**EXERCISE**: Return the data exactly, with all pictures removed.

**MATERIAL PROVIDED**:
▽
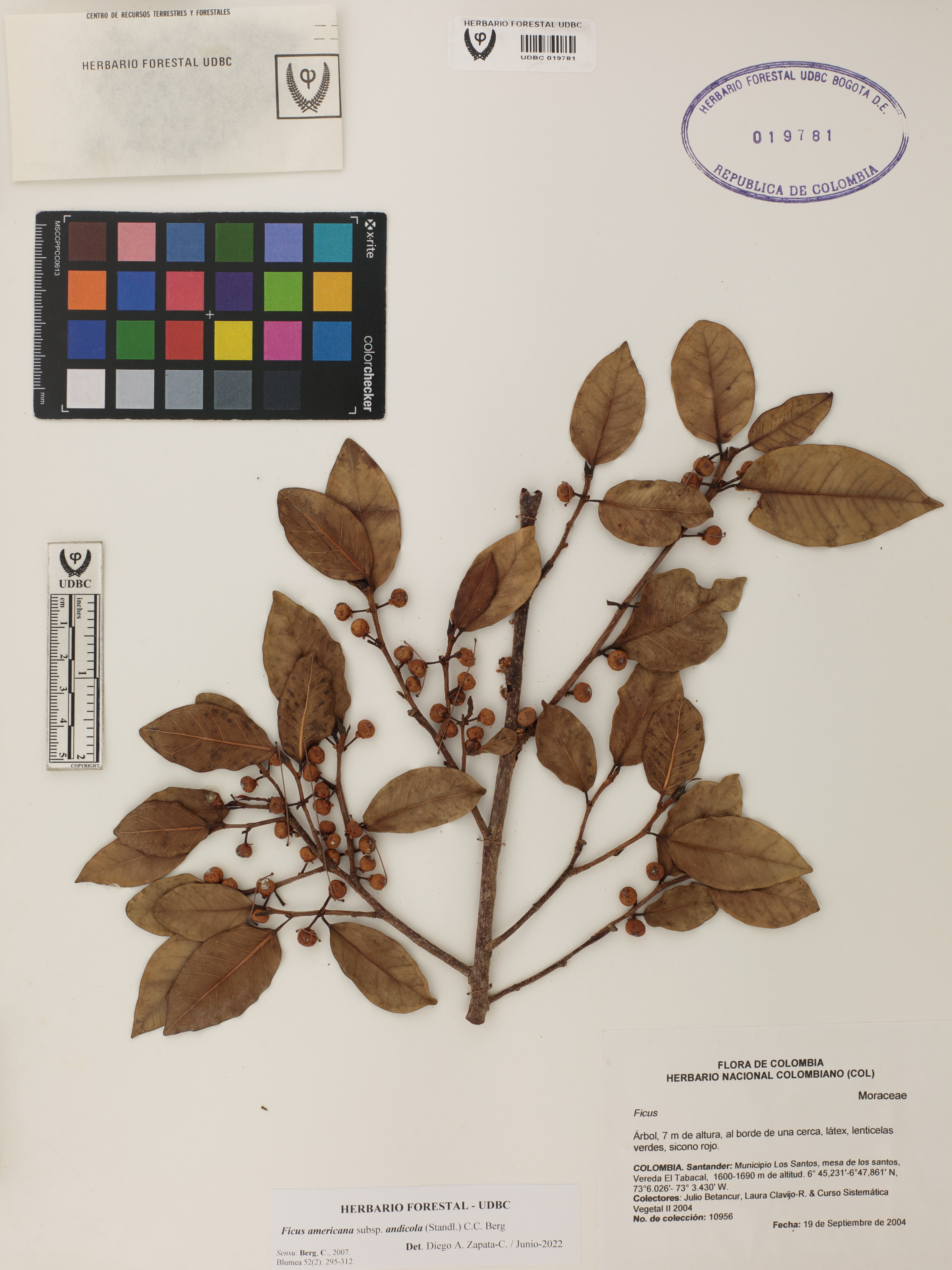 Fotografía del ejemplar Betancur, J. 10956, determinado como Ficus americana subsp. andicola en el año 2022
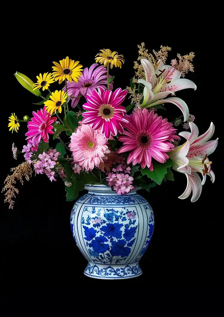 Schilderij van een blauw-witte porseleinen vaas met een kleurrijk bloemenarrangement. Roze gerbera's, gele madeliefjes, witte lelies en lichtroze bloemen schitteren tegen een zwarte achtergrond.
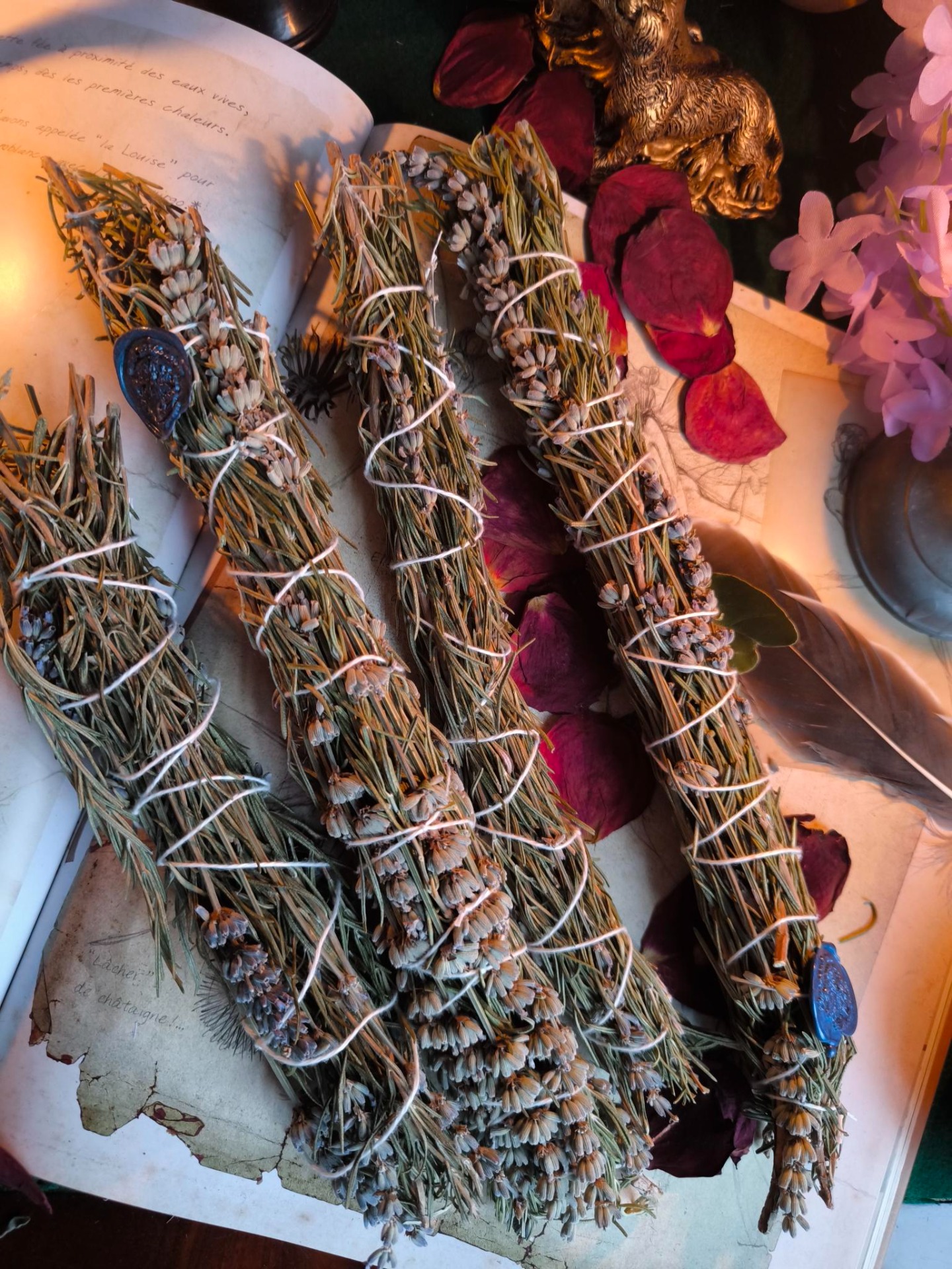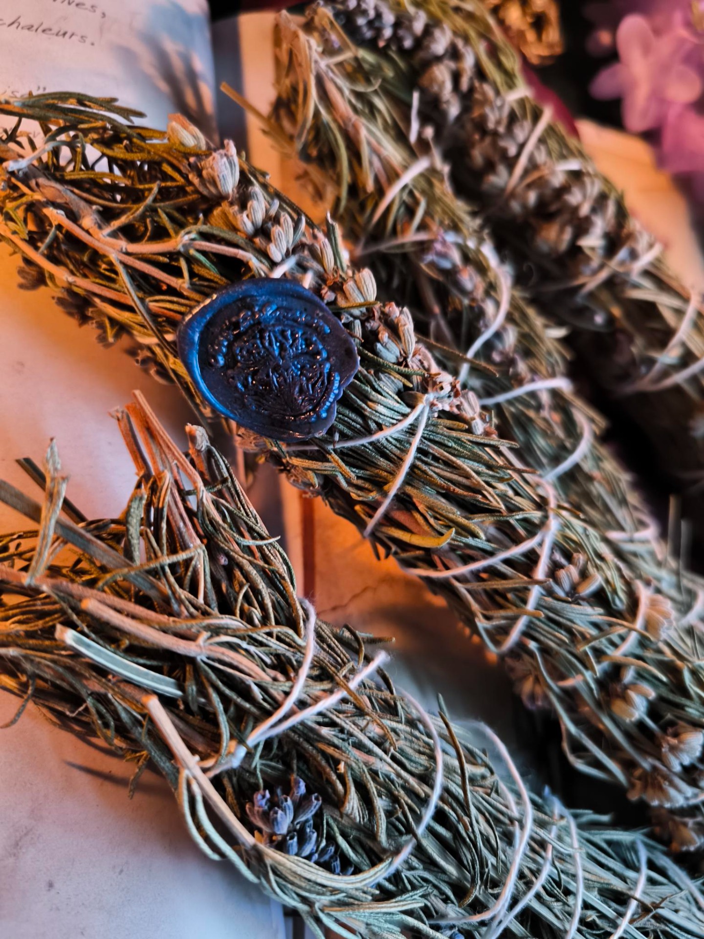 Tissé de mes propres récoltes, ce bâton de fumigation unit la force tranquille du romarin et la douceur apaisante de la lavande. Séchés sous le soleil et noués avec intention, ces brins portent en eux la lente respiration du jardin, la paix du vent du soir, et le chuchotement des abeilles qui butinaient tout près.
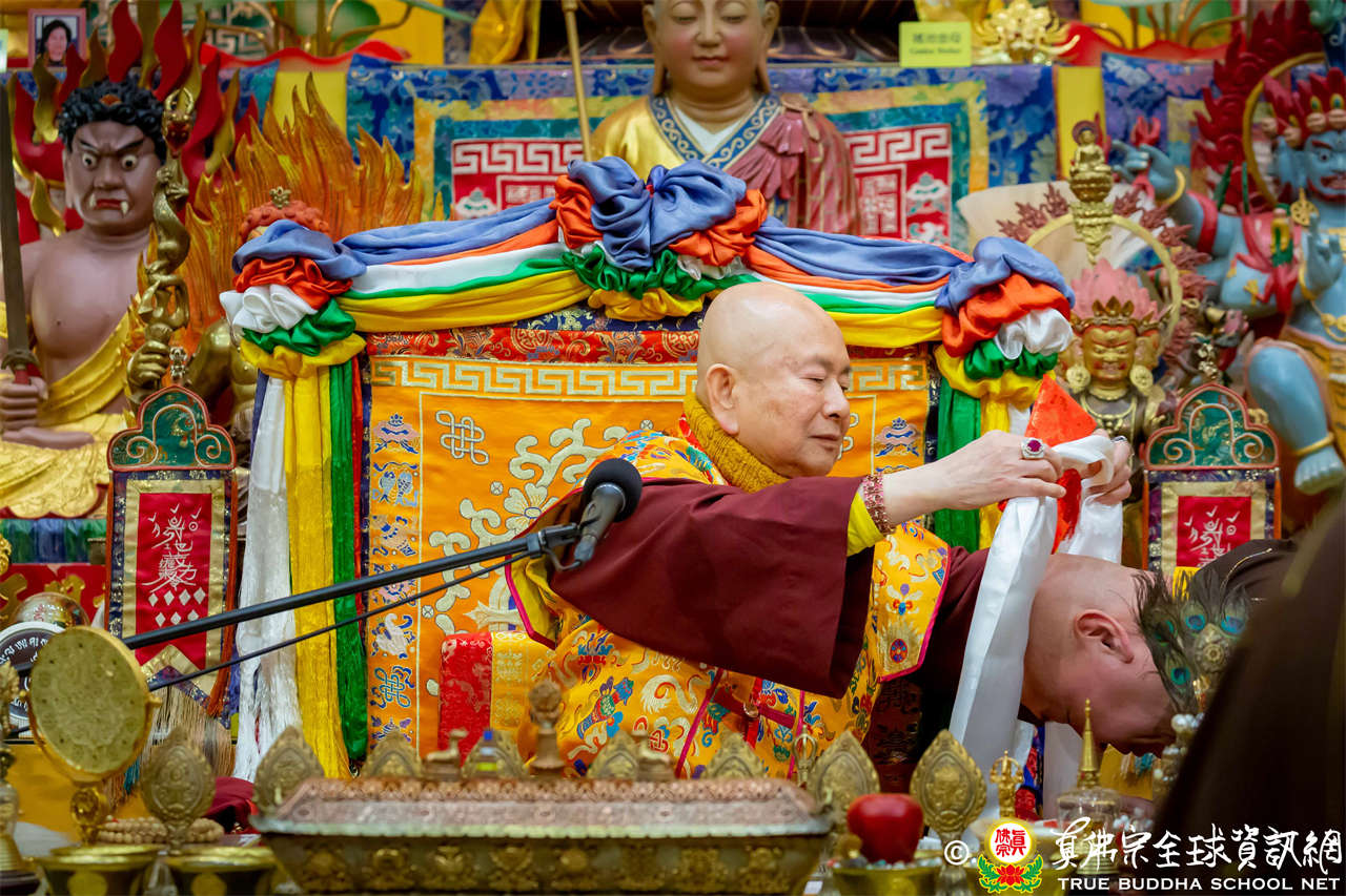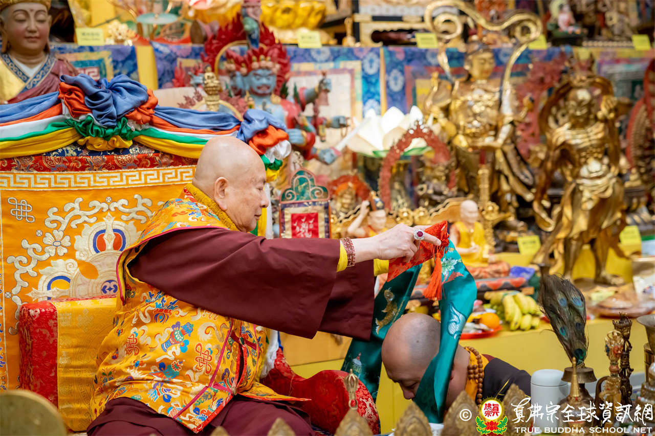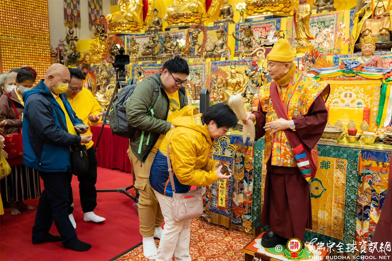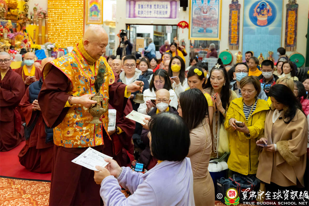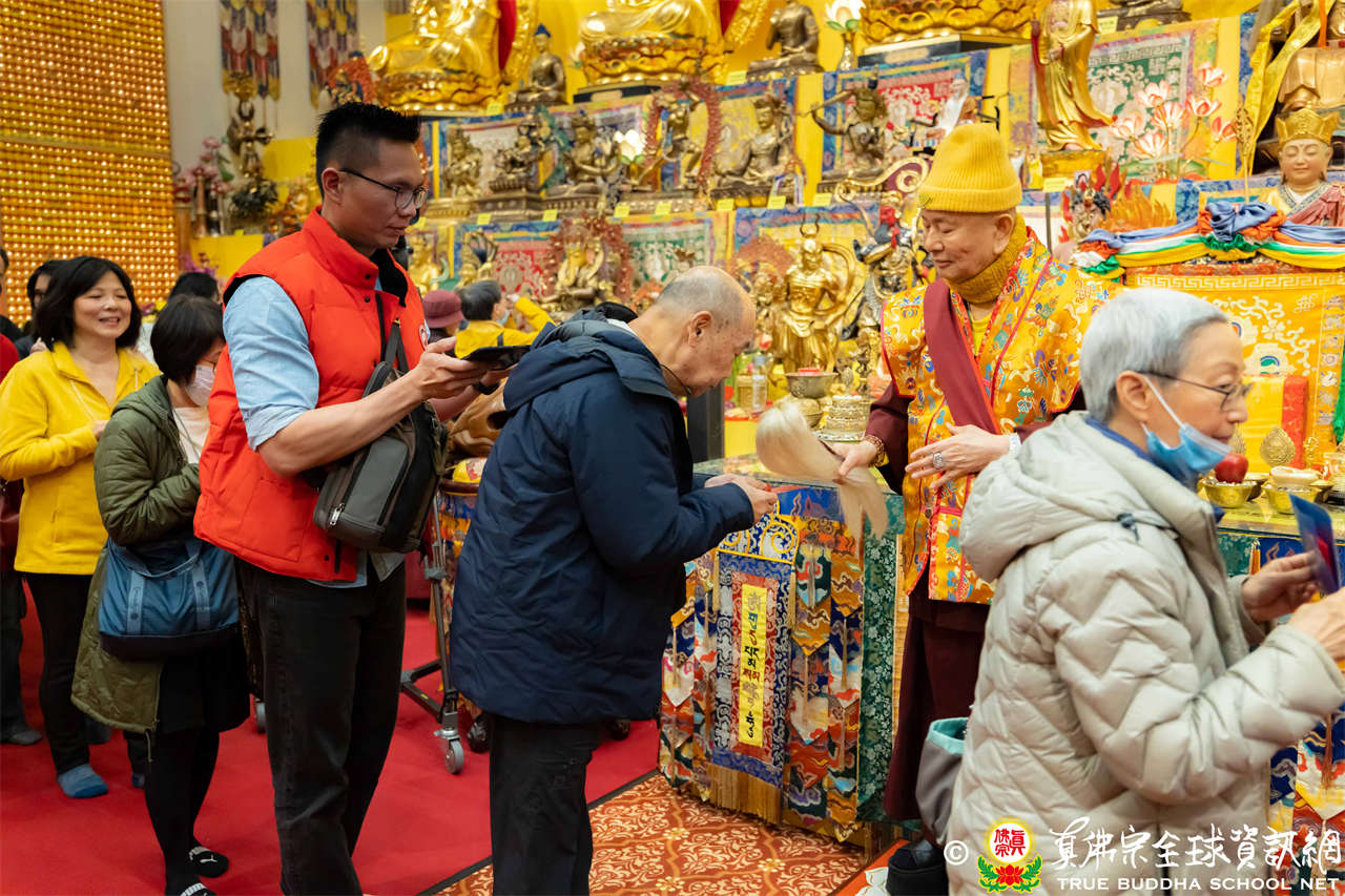 聖尊精彩寶貴的法語開示後,慈悲為新皈依弟子做皈依灌頂,然後加持大悲咒水、開光佛像,最後持拂塵一一加持與會大眾。
△
**EXERCISE RESPONSE**:
 Fotografía del ejemplar Betancur, J. 10956, determinado como Ficus americana subsp. andicola en el año 2022
 Schilderij van een blauw-witte porseleinen vaas met een kleurrijk bloemenarrangement. Roze gerbera's, gele madeliefjes, witte lelies en lichtroze bloemen schitteren tegen een zwarte achtergrond.
 Tissé de mes propres récoltes, ce bâton de fumigation unit la force tranquille du romarin et la douceur apaisante de la lavande. Séchés sous le soleil et noués avec intention, ces brins portent en eux la lente respiration du jardin, la paix du vent du soir, et le chuchotement des abeilles qui butinaient tout près.
 聖尊精彩寶貴的法語開示後,慈悲為新皈依弟子做皈依灌頂,然後加持大悲咒水、開光佛像,最後持拂塵一一加持與會大眾。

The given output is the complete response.